Now President Trump’s two nominations guarantee a solidly conservative Court that we should expect to reliably decide cases — especially hot-button cases — along party lines. This will make it very difficult for many to see the Supreme Court as anything but a set of political actors making partisan judgments, to a degree that is without precedent in American history.

A Court that lacks widespread, bipartisan confidence faces grave risks. One can imagine the firestorm that might result if, say, the Court struck down by a 5-4 margin along party lines a Democratic president’s signature legislative accomplishment. The political branches might feel pressure to ignore the Court’s judgment, which would provoke an unprecedented constitutional crisis. Even if that did not come to pass, it’s likely the confrontation between the branches would significantly weaken the Court.

Other possibilities seem even worse. Anticipating the possibility that the new conservative majority would block progressive reforms, Democrats are warming to the idea of court-packing. Even if justified, such moves will only provoke further partisan escalation that will leave the Court’s image, and the rule of law, badly damaged.

Can this coming crisis be averted? Can the Supreme Court be saved from this fate? We think so. But preserving the Court’s legitimacy as an institution above politics will require a complete reenvisioning of how the Court works and how the justices are chosen. To save what is good about the Court, we must radically change the Court.

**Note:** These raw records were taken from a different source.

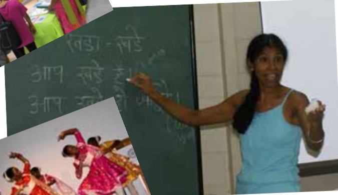
Dictée Hindi 2010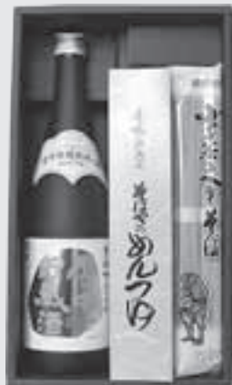
おぢやれ夢セット2011（春・夏）

おぢやファンクラブでは、この夏も小千谷の美味しい品々を取り揃え、多くの市民のみなさんから全国へ発信していただけるよう各種夏のおすすめギフトをご用意させていただいています。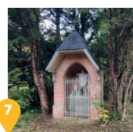
7 La chapelle du Sacré Cœur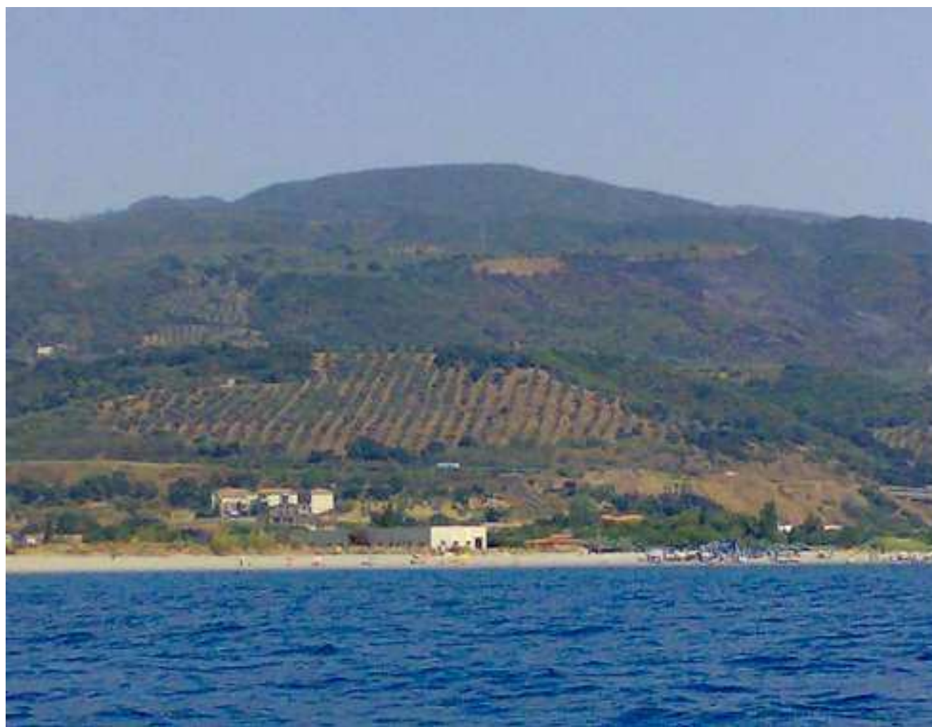
Uliveto de Luca, Capannone Ittico Caruso, Lido la Vela, zona devastata dal fuoco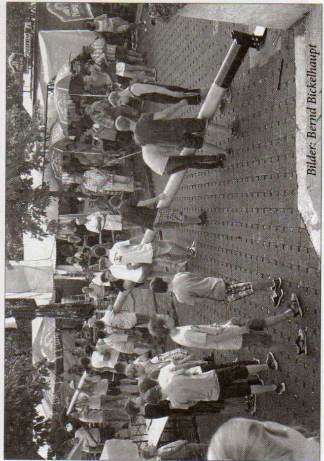
Bilder: Bernd Bickelhaupt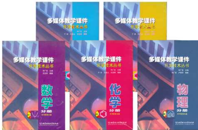
本课程教师编著的实践指导教材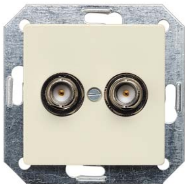
DELTA i-system biały kremowy styk gniazdowy BNC 2-krotn. 75 Ohm 55x55mm

The Supreme Court panel solution

Successful reform could take many shapes. To advance the discussion, we’ll propose two ideas here. The first is changing the Supreme Court from nine permanent justices to a rotating group of justices, similar to a panel on a court of appeals. Every judge on the federal court of appeals would also be appointed as an associate justice of the Supreme Court. The Supreme Court “panel” would be composed of nine justices, selected at random from the full pool of associate justices. Once selected, the justices would hear cases for only two weeks, before another set of judges would replace them.

This approach would effectively eliminate the high stakes of Supreme Court appointments, thereby taking the Court out of the electoral and political realm. It would also significantly decrease the ideological partisanship of each court decision. No single judge would be able to advance an ideological agenda over decades of service or develop a cult of personality among partisans. And it would be very difficult to be a judicial activist on any given case because the next panel — arriving as soon as two weeks later — might have a different composition and take a different tack.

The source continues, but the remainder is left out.